Interlude – System Repair

Back in November 2022, I wrote about a problem I had with my system when the wind took out the power at my house. I wrote about one problem I had on reinstall, and how I resolved it.

Cut to a year later, and a similar occurrence, but with a happier ending.

Preventative Maintenance

Back in December 2023, the power went out at my house one morning. I was working on my machine at the time, so I had to stop. We were also baking holiday cookies, and I thought the power outage would pose a much bigger problem for that endeavour (spoiler alert: it didn’t).

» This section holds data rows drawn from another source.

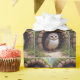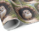 Zwei Eulen stehen am Eingang eines gemütlichen, mit Grünpflanzen geschmückten, steinernen Bogens, umgeben von Wildblumen
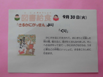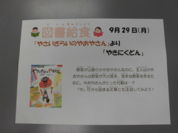 9/29(月) 読書週間に合わせた、図書給食の4日目です。
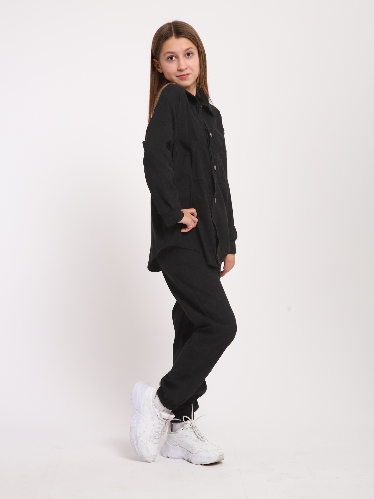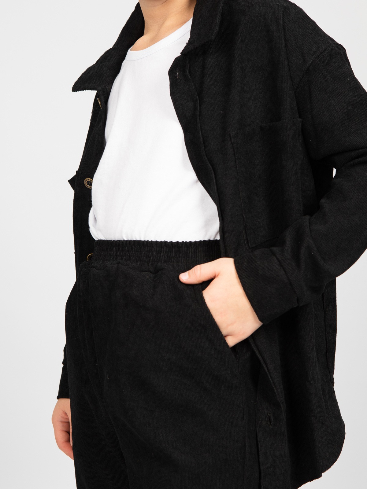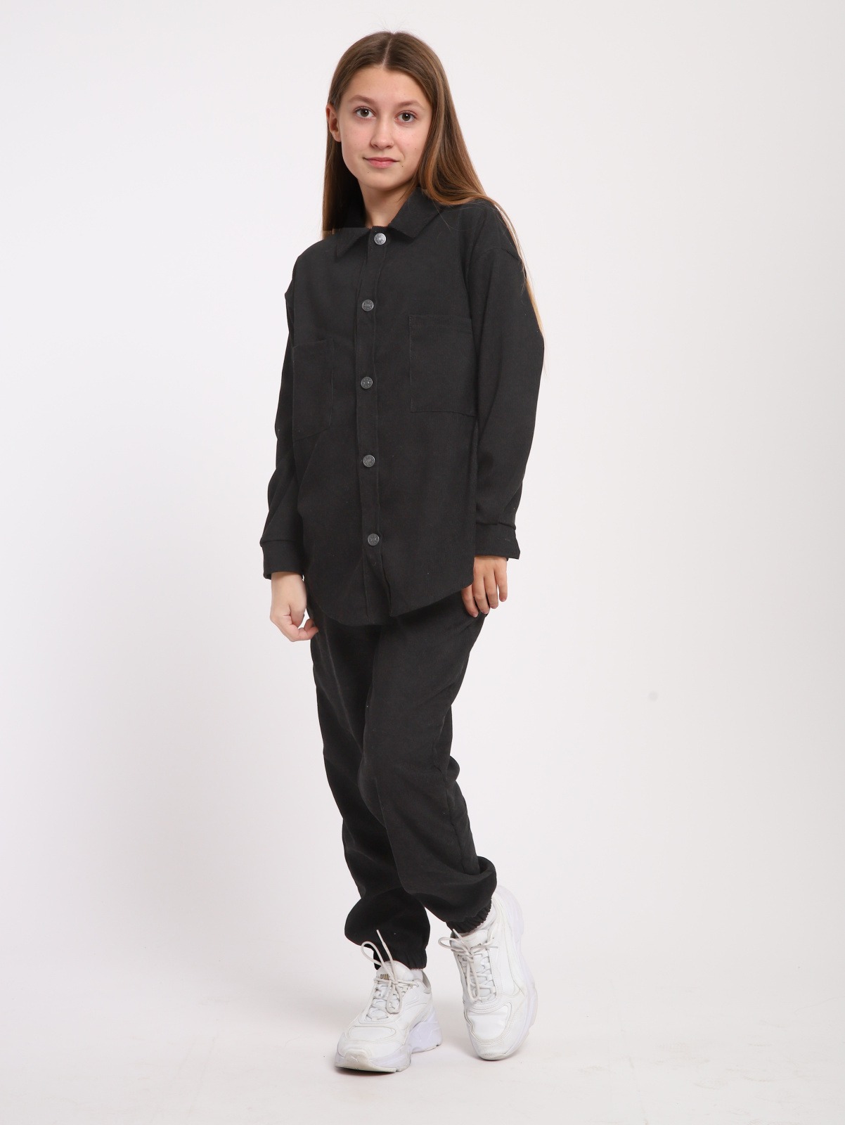 Модный подростковый вельветовый костюм в монохромной гамме для мальчиков и девочек средней и старшей школы. Этот повседневный детский костюм сшит из мягкой комфортной вельветовой ткани в мелкий рубчик. Стильный комплект в стиле спортшик состоит из джоггеров спортивного кроя и рубашки модного стиля оверсайз (oversize) с нагрудными карманами. Рубашка большого объемного силуэта так любимого подростками и молодежью, низ полукруглой формы, вместительные карманы на груди, удобный мягкий ворот, красивые металлические пуговицы на планке. Брюки-джоггеры свободного силуэта с поясом на резинке, низ брюк оформлен на резинке, боковые отрезные кармашки.
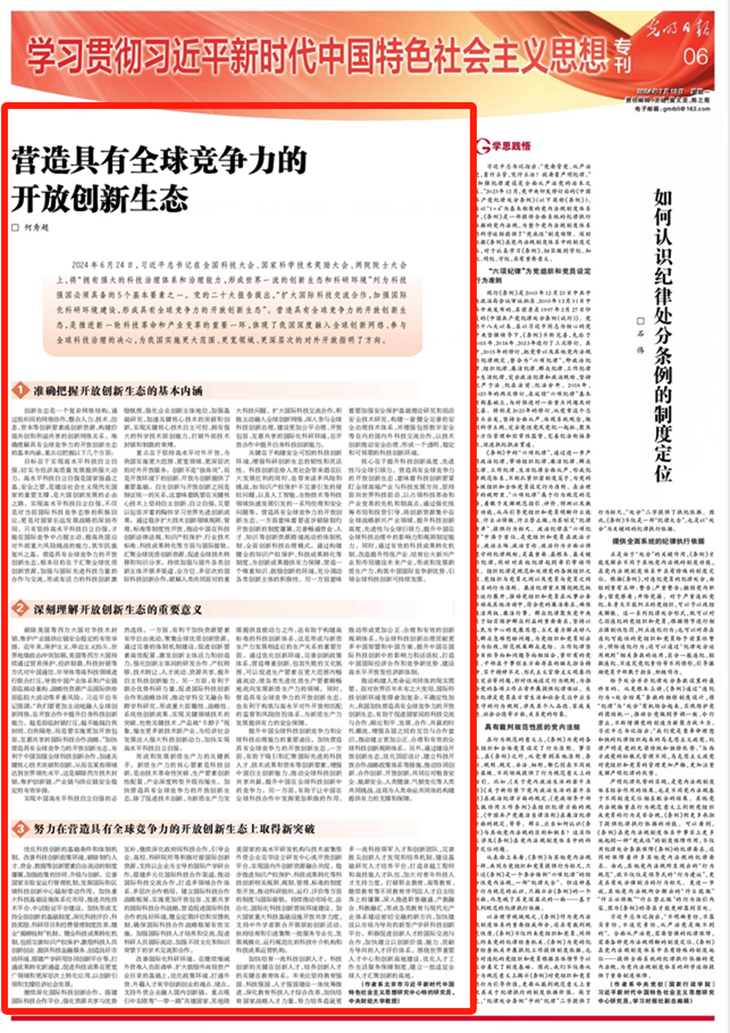 7月15日,《光明日报》刊登北京市习近平新时代中国特色社会主义思想研究中心特约研究员、AC米兰中文官方网站教授何秀超署名文章《营造具有全球竞争力的开放创新生态》。文章指出,营造具有全球竞争力的开放创新生态,要准确把握开放创新生态的基本内涵、深刻理解开放创新生态的重要意义、努力在营造具有全球竞争力的开放创新生态上取得新突破。

I took a look outside at my neighbor’s home — their lights were still on. Curious — we are both on the same grid, so we should both be out. I reasoned therefore that a limb had taken out just my power, so I went outside to inspect my property for damage.

Imagine my surprise when I saw a crew from my power company working on the transformer which supplies my house (and only my house). I asked what had happened, and was informed that they were doing "scheduled maintenance", replacing older equipment to avoid catastrophes later.

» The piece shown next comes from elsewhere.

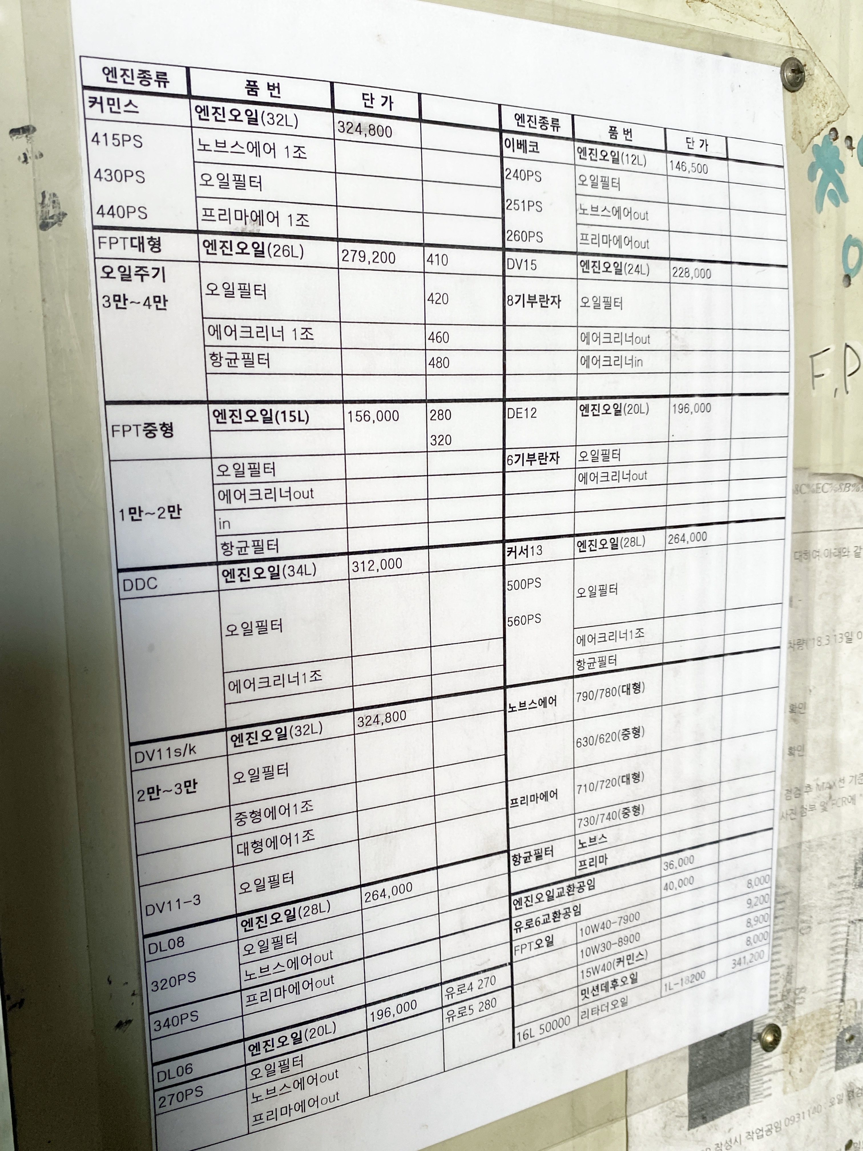 작업장 한켠에 엔진오일 제원표가 붙어있네요.

In other words, they knew the power was going out, and didn’t tell me. One person’s "scheduled" is another person’s "surprise".

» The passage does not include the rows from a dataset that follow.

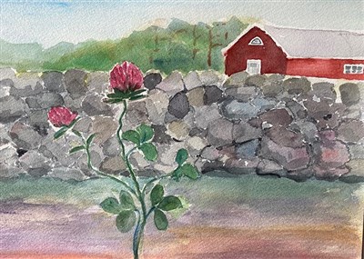 Fredag 13 augusti tog elva Sprayare båten till Arholma. Vi bodde bekvämt på det fantastiska vandrarhemmet Bull -August. Solen sken och alla drog iväg åt olika håll på jakt efter motiv. Ett sakta strilande regn på avresedagen hindrade oss inte från att ge oss ut för att måla av en lada eller två.
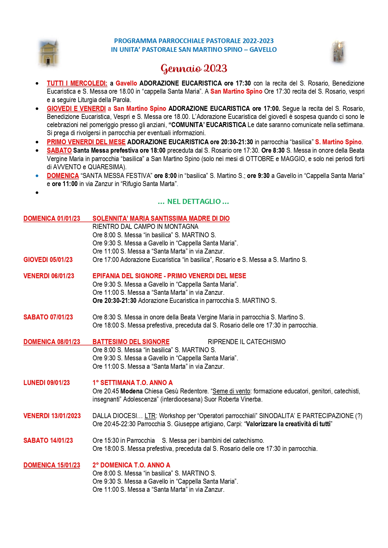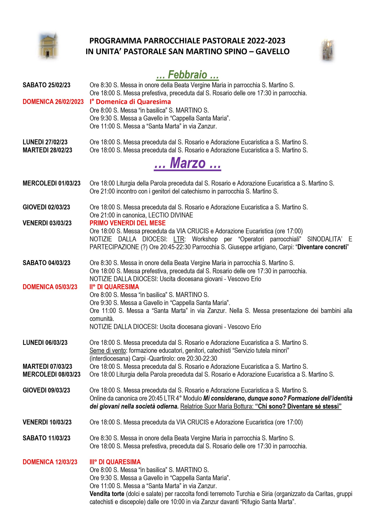 La tradizionale festa di S. Martino, patrono della nostra Parrocchia, si festeggerà nelle giornate di sabato 11 e domenica 12 novembre. Sabato la S. Messa sarà alle ore 18 mentre domenica si celebrerà la festa alle ore 11 presso il Palaeventi (via Zanzur, c/o campo sportivo). Le S. Messe saranno celebrate dal nostro neo-parroco donContinua a leggere “Festa del patrono 2023”
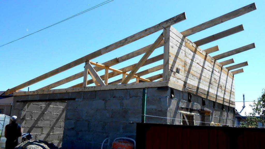 Если сооружается сарай из бетонных блоков, то на противоположных стенах следует установить и закрепить опорный брус-мауэрлат. Что касается каркасных конструкций, то роль опорных брусьев выполняет верхний обвязочный брус.

I told them what I did for a living, and that their "scheduled maintenance" interrupted my work (and our baking), and asked for an ETA when the power would return. They gave me a one hour estimate, which they beat, and life went on.

However, the fun for me and my machine was just beginning. What started as a minor irritation turned into a shit show.

Broken

Remembering the last time this happened, I expected some issues with my machine, so I wasn’t surprised when I did have some when I rebooted. These problems, however, were different than last time.

I run EndeavourOS, an Arch variant, with the KDE desktop environment. On reboot, KDE was having issues showing different windows. Some programs would hang, and when they did, the entire DE hung. I couldn’t even reboot the machine — I had to power it off completely at the switch.

I booted into my BIOS settings and to perform diagnostics — nothing major. So I booted to a live CD I keep around, after updating it on my laptop (which also runs EndeavourOS), and did a file system check on the unmounted disks on my system. And that’s where the fun started.

To run these, I loaded a partition manager so I didn’t miss any, and the partition holding my system showed multiple errors. I tried fixing them, but the damage was done — even after fixing everything, the system wouldn’t boot and run properly.

The unscheduled power drop damaged the file system, and a reinstall was needed.

Back That Thing Up

Luckily, a few months earlier I made three investments — two physical, one virtual, and all of a digital nature.

I purchased two different USB-C connected drives, one at 2Tb and the other at 5Tb. The 5Tb model (a Western Digital My Passport) is dedicated to backing up my two machines as well as my wife’s Windows machine. I settled on a tool called Restic to manage my backups — it worked when others gave me problems.

Since I couldn’t run my main OS, doing a full backup was out of the question. That’s where the 2Tb Seagate Portable drive came in handy — I copied the stuff from my Documents, git, and .config folders to it so I wouldn’t lose anything I had since the last full backup.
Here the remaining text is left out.